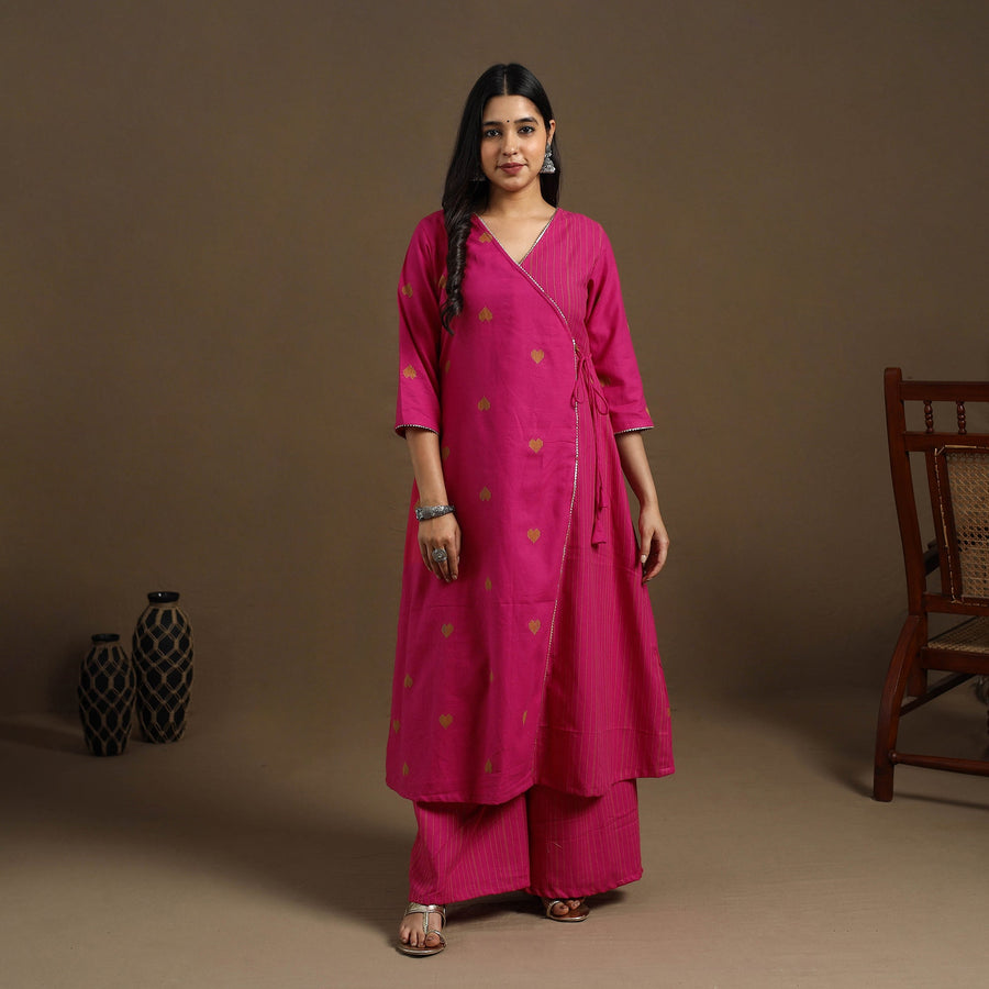 •  Pink Angrakha Cotton Gota Work Jacquard Kurta for Women
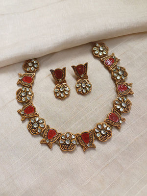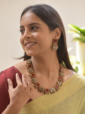 Handcrafted Terracotta Kundan Stones Floral Motif Necklace Set with Earrings – Red & Antique Gold
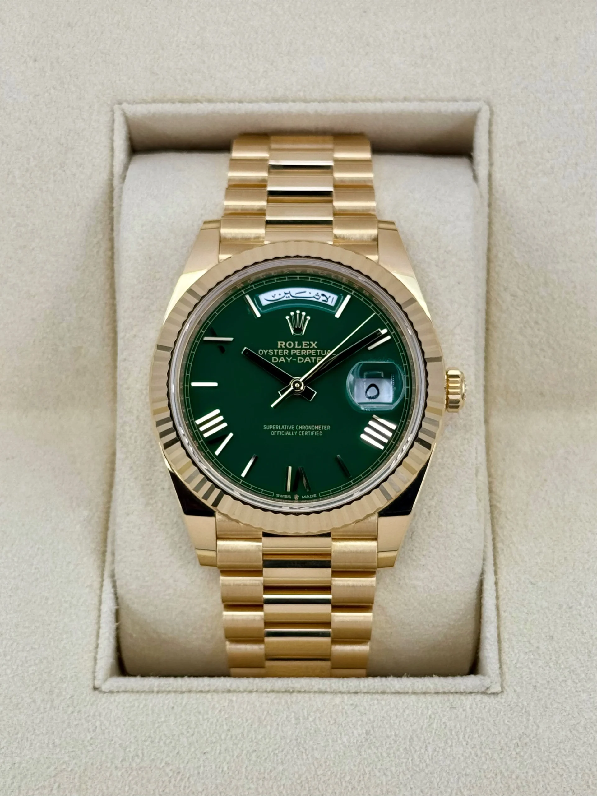 2023 Rolex Day-Date 40mm 228238 Arabic Calendar Green Dial

### [Work instruction]
Pictures are to be omitted. The lines from the line holding "Handcrafted Terracotta Kundan" through the closing line of the data above are to be set down exactly, and nothing more.

### [Task response]
 Handcrafted Terracotta Kundan Stones Floral Motif Necklace Set with Earrings – Red & Antique Gold
 2023 Rolex Day-Date 40mm 228238 Arabic Calendar Green Dial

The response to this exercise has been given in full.